Once released on PyPI, install with:

```bash
# Using pip
pip install target-gym

# Or with Poetry
poetry add target-gym
```

---

## Usage

Here’s a minimal example of running an episode in the **Plane** environment and saving a video:

```python
from target_gym import Plane, PlaneParams

# Create env
env = Plane()
seed = 42
env_params = PlaneParams(max_steps_in_episode=1_000)

# Simple constant policy with 80% power and 0° stick input
action = (0.8, 0.0)

# Save the video
env.save_video(lambda o: action, seed, folder="videos", episode_index=0, params=env_params, format="gif")
```

Or train an agent using your favorite RL library (example with stable-baselines3):

```python
from target_gym import GymnasiumPlane
from stable_baselines3 import SAC

env = GymnasiumPlane()
model = SAC("MlpPolicy", env, verbose=1)
model.learn(total_timesteps=10_000, log_interval=4)
model.save("sac_plane")

obs, info = env.reset()
while True:
    action, _states = model.predict(obs, deterministic=True)
    obs, reward, terminated, truncated, info = env.step(action)
    if terminated or truncated:
        break
```

---

## Challenges Modeled

TargetGym tasks are designed to expose RL agents to **realistic control challenges**:

* **Delays**: Inputs (like engine power) take time to fully apply.
* **Partial observability**: Some parts of the state cannot be directly measured.
* **Competing objectives**: Reach the target state quickly while minimizing overshoot or cost.
* **Momentum effects**: Physical inertia delays control effectiveness.
* **Irrecoverable states**: Certain trajectories inevitably lead to failure.

---

## Roadmap

* [ ] Add perturbations (wind, turbulence, uneven terrain) for non-stationary dynamics.
* [ ] Easier interface for creating partially-observable variants.
* [ ] Provide benchmark results for popular RL baselines.
* [ ] Add fuel consumption and resource constraints.
* [ ] Add more tasks.

---

## 🤝 Contributing

Contributions are welcome!
Open an issue or PR if you have suggestions, bug reports, or new features.
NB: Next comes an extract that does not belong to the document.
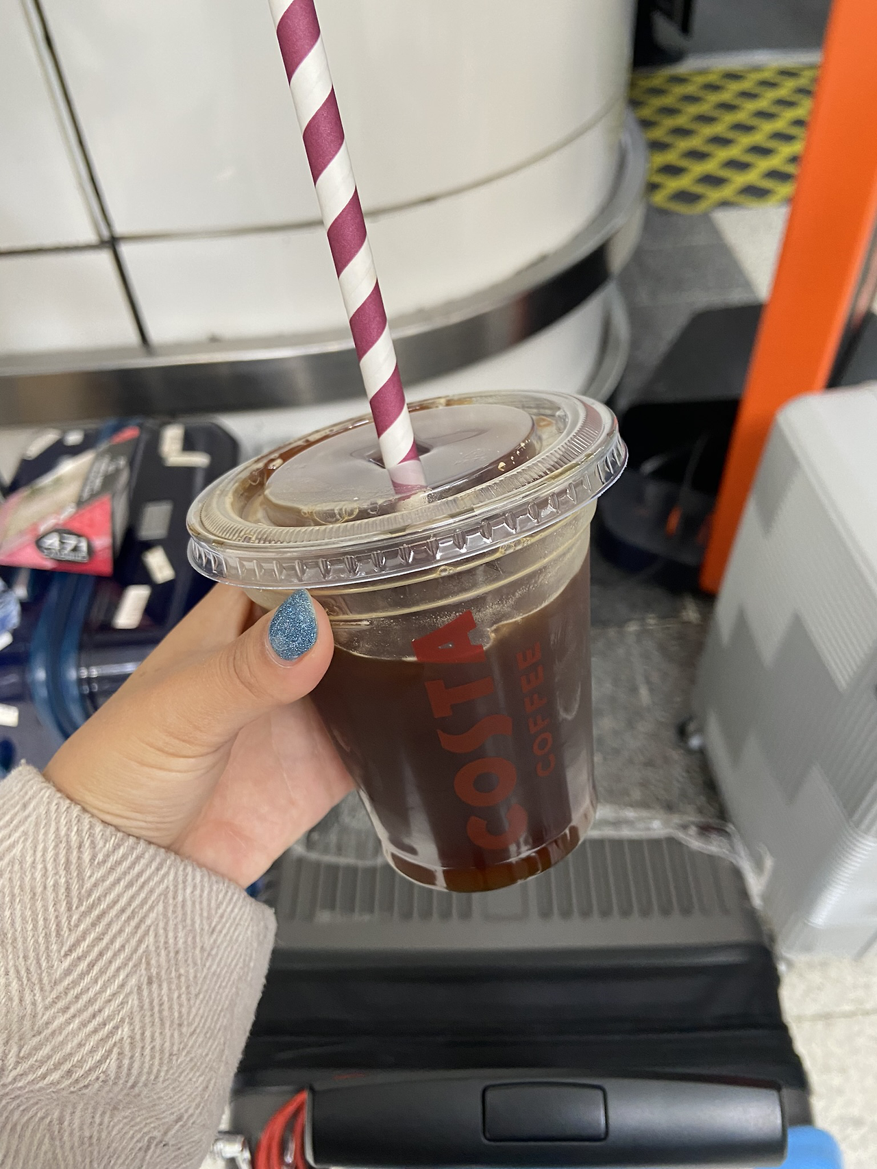 런던 근교 캠브리지로 떠나는 길입니다. 1박을 위해 세 달 치 짐을 바리바리 싸들고 가는 저희의 계획을 잠시 원망했어요. 심지어 한 명은 곧 바르셀로나로 떠나야 해서 당일치기로 캠브리지를 찍고 갔거든요. 다시 런던에 온다면 이런 일정은 없을 거라고 생각하며 캠브리지로 향했어요. 모닝커피로는 예전에 한번 마셔보고 다시는 먹지 않겠다고 다짐했던 코스타 커피를 한잔 했습니다. 너무 더워서 아이스커피가 간절했는데, 그렇게 많던 아이스 음료가 기차역에는 하나도 없었기 때문이에요.

For development you need to install the dev dependencies, which include test, lint and agent dependencies. 

```bash
git clone https://github.com/YannBerthelot/TargetGym.git
cd TargetGym

# Using Poetry (recommended)
poetry install --with dev

# Using pip
python -m pip install -e ".[dev]"

```

---


## 📖 Citation

If you use **TargetGym** in your research or project, please cite it as:

```bibtex
@misc{targetgym2025,
  title        = {TargetGym: Reinforcement Learning Environments for Target MDPs},
  author       = {Yann Berthelot},
  year         = {2025},
  url          = {https://github.com/YannBerthelot/TargetGym},
  note         = {Lightweight physics-based RL environments for aircraft, car, and bike control}
}
```


---

## 📜 License

MIT License – free to use in research and projects.